Question

How do I know whether the major axis of an ellipse is horizontal or vertical?

Answer 1

In this question, they have asked that when do we say the major axis of an ellipse is horizontal or vertical. To explain this question, first we have to give some definitions and then we have to give one example and with the use of our example we have to tell when we say that the major axis of an ellipse is horizontal or vertical. Basically, we can tell this by looking at the denominator of the given equation of the ellipse.

Complete step by step answer:
The major axis in a horizontal ellipse is given by the equation $y = v$ . The major axis in a vertical ellipse is represented by $x = h$ .
Whenever a denominator is larger, it determines which variable is a major axis. Always $a$ is the major axis. If the larger number is under the $X$ , then the ellipse is horizontal. If the larger number is under the $Y$ , then the ellipse is vertical.
Equation of an ellipse is $\dfrac{{{X^2}}}{{{a^2}}} + \dfrac{{{Y^2}}}{{{b^2}}} = 1$ …. (1)
Suppose $a$ is greater than $b$ $\left( {i.e\,.,a > b} \right)$ in the equation (1) then the major axis of an ellipse is horizontal.

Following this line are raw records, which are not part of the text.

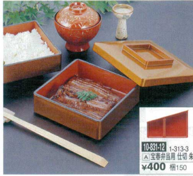
10-831-12 1-313-3 A | 宝春弁当用仕切 朱 ¥400 櫃150
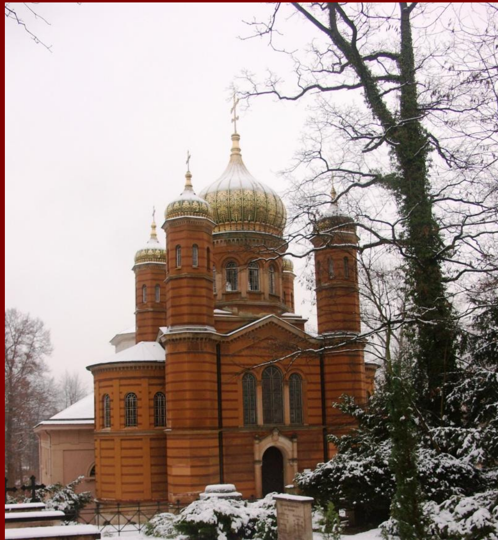
Православная церковь, Веймар
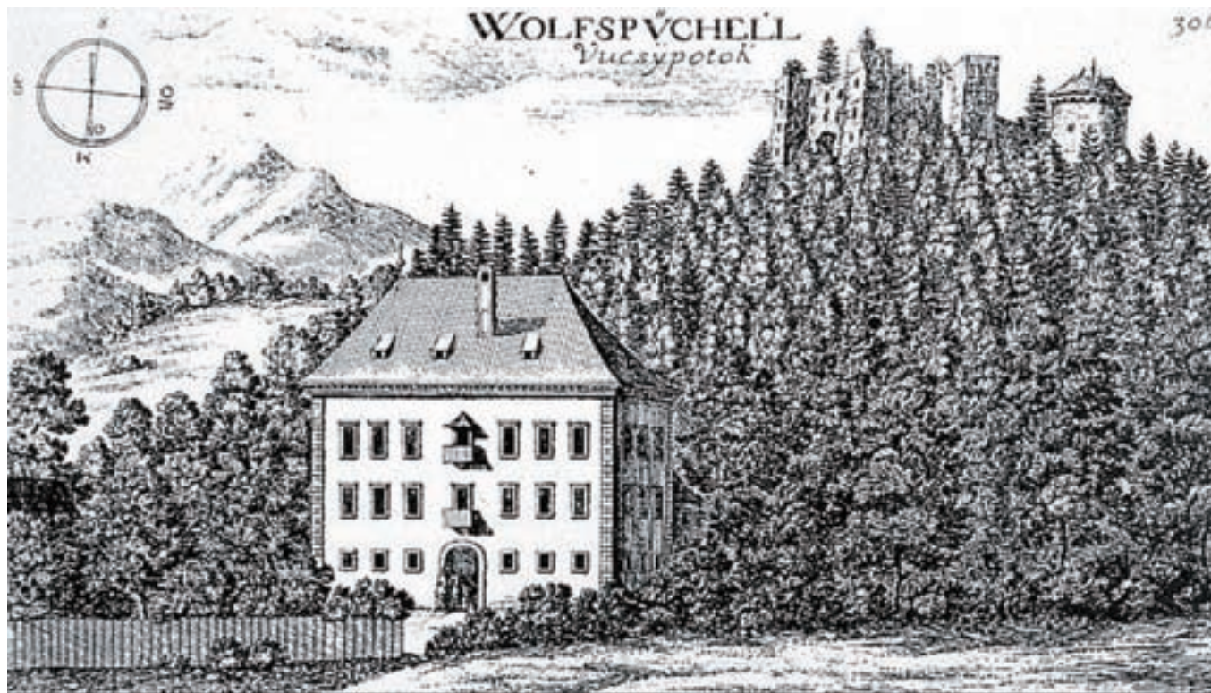
Valvasorjeva grafika Volčjega Potoka iz leta 1689

Prostore bi namenili različni rabi, ki združuje avditorij oz. prizorišče za prireditve, razstavišče za likovno umetnost in servisne prostore. Vsebine z likovno umetnostjo bi v dvorec umestili v sodelovanju z Narodno galerijo, ki bi del umetnin iz njene zbirke razstavila v novem dvorcu v Arboretumu Volčji Potok. Skupaj z Zavodom za varstvo kulturne dediščine Slovenije (ZVKDS) bodo v letošnjem letu izdelali projektno nalogo za arhitekturni natečaj, v katerem bodo opredelili dejavnosti, ki se bodo izvajale v dvorcu. Ker je eden od ciljev
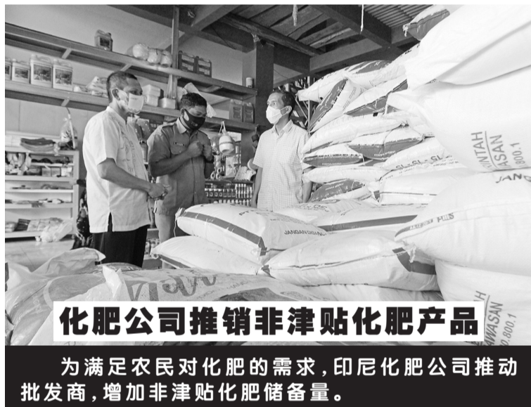
化肥公司推销非津贴化肥产品 为满足农民对化肥的需求,印尼化肥公司推动批发商,增加非津贴化肥储备量。

根据如上即将出炉的政府条例第33条的解说:“中央政府要提供担保就必须事先考虑国家财政能力、财政可持续性、和国家预算案风险管理原则。” 在国家战略项目的执
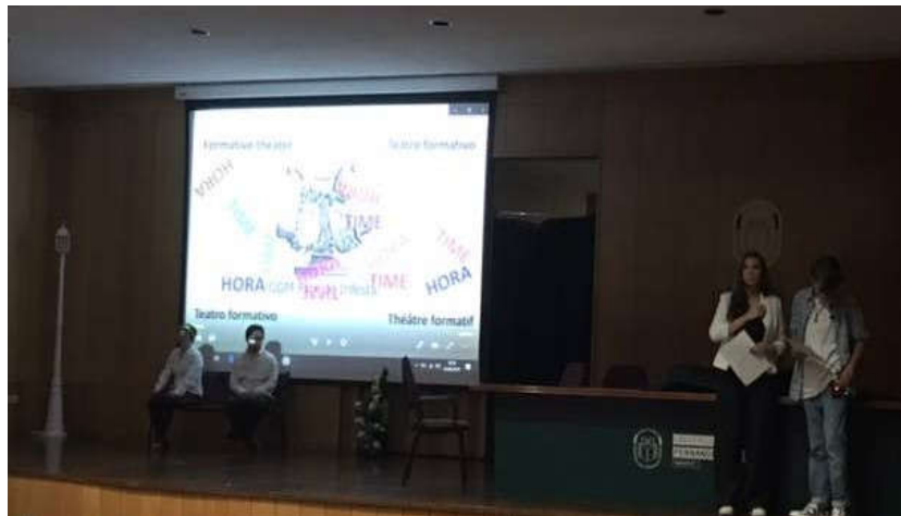
FIGURA 6 – HORA

Foi apresentado o exercício dramático “Hora”, no I Congresso de Ação Humanitária, Cooperação e Desenvolvimento, na UFP

Since $a$ is the denominator of $X$ .
Suppose $b$ is greater than $a$ $\left( {i.e.,\,b > a} \right)$ in the equation (1) then the major axis of an ellipse is vertical. Since $b$ is the denominator of $Y$ .

Note: Let us see the example for the major axis being horizontal. Let us take an equation of ellipse as $\dfrac{{{X^2}}}{{25}} + \dfrac{{{Y^2}}}{9} = 1$ , here the major axis is $X$ , then the ellipse is horizontal.
Let us see the example for the major axis being vertical. Take the equation of an ellipse as $\dfrac{{{X^2}}}{9} + \dfrac{{{Y^2}}}{{25}} = 1$ , here the major axis is $Y$ , then the ellipse is vertical.